An artistic dialogue between German artist and computer composer Florian Hecker, and the late American sculptor John McCracken.
Following the 2015 exhibition “Florian Hecker / John McCracken” at Künstlerhaus, Halle für Kunst & Medien Graz, this publication probes the experimental capacity of the white-cube space of the gallery. For the exhibition, two complementary yet autonomous artists were brought into dialogue with each other: German artist and computer composer Florian Hecker, and the late American sculptor John McCracken.
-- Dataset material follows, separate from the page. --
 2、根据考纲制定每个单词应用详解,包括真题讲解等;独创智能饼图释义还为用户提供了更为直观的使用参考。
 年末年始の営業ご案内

The fiberglass-coated, monochrome “planks” by McCracken spanned the floor and the walls of the building, evoking a juncture between painting and sculpture, while Hecker's computer-generated sound pieces dramatized both space and time. By combining the work of the two artists, a framework was created in which an aesthetic experience occurred between the shifting boundaries and intersections of sculpture and sound as they affected each other within a space consisting of geometric and architectural formations as well as temporal and subjective formations. At the same time, the viewer / listener became more sensitized to the conditions, qualities, and degrees of intensity between the physical and the ephemeral.
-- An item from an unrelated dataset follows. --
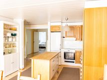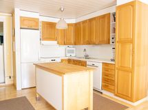 - Keittiön varusteet: Jääkaappipakastin, erillisuuni (Kiertoilma ja grillivastukset), liesituuletin, astianpesukone, keittiösaareke ja liesi. Liesi: Keraaminen liesi. Työtason materiaali: Laminaatti. Puiset kaapistot + irrallinen saareke.

The publication includes a curatorial introduction by
Christian Egger, and a comprehensive essay by the author and curator of the Serralves Museum of Contemporary Art, Porto, João Ribas. The cover has been designed by Florian Hecker using an objectness measure algorithm.
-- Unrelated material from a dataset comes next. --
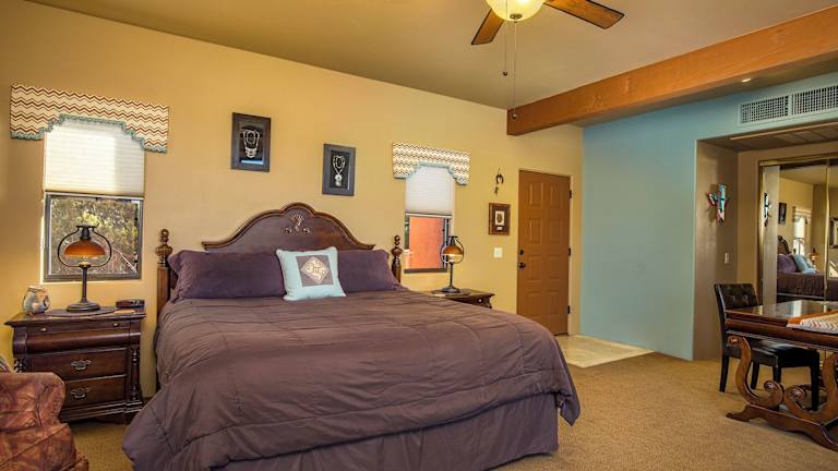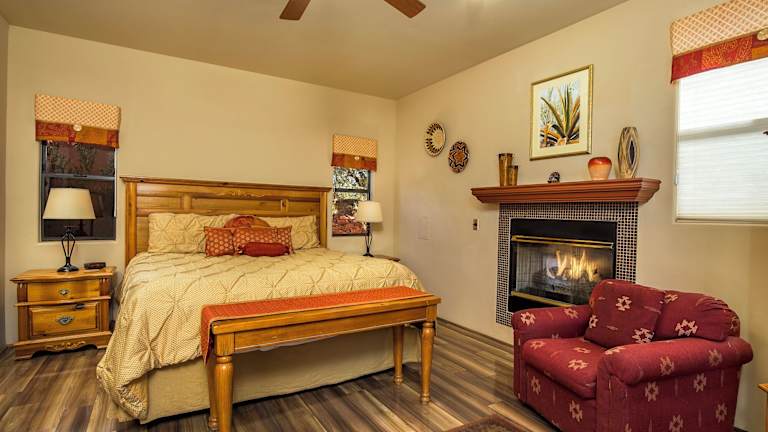 Die klimatisierten Zimmer im Alma De Sedona Inn bieten Ihnen einen komfortablen Rückzugsort mit Terrasse oder Balkon, von dem aus Sie die wunderschöne Aussicht genießen können. Jedes Zimmer verfügt über einen gemütlichen Sitzbereich mit einem Kamin und einen Flachbild-Kabel-TV. Das eigene Badezimmer ist mit einer Whirlpool-Badewanne ausgestattet, in der Sie entspannen können.

Published following the eponymous exhibition at Künstlerhaus, Halle für Kunst & Medien Graz, Austria, from January 31, to March 5, 2015.
In his
sound installations and live performances, Florian Hecker (born 1975 in Augsburg, lives and works in Vienna) deals with specific compositional developments of post-war modernity, electro-acoustic music, and other, non-musical disciplines. He dramatizes space, time and self-perception in his sonic works by isolating specific auditory events in their singularity, thus stretching the boundaries of their materialization. Their objectual autonomy is exposed while simultaneously evoking sensations, memories, and associations in an immersive intensity.
By working with the
Minimalist theory from the outset, John McCracken (1934-2011) has never denied individual sensibility and the artist's annual activity in favour of industrial manufacture justified by Minimalist thinking. Both painting and
sculpture, the “plank” made in spray-lacquered wood is the work that best symbolizes his activity. In his practice, the idea of reflection or highlight has an essential place, for they encompass the environment, and the onlooker becomes aware of space at the same time as he become aware of the object he is looking at.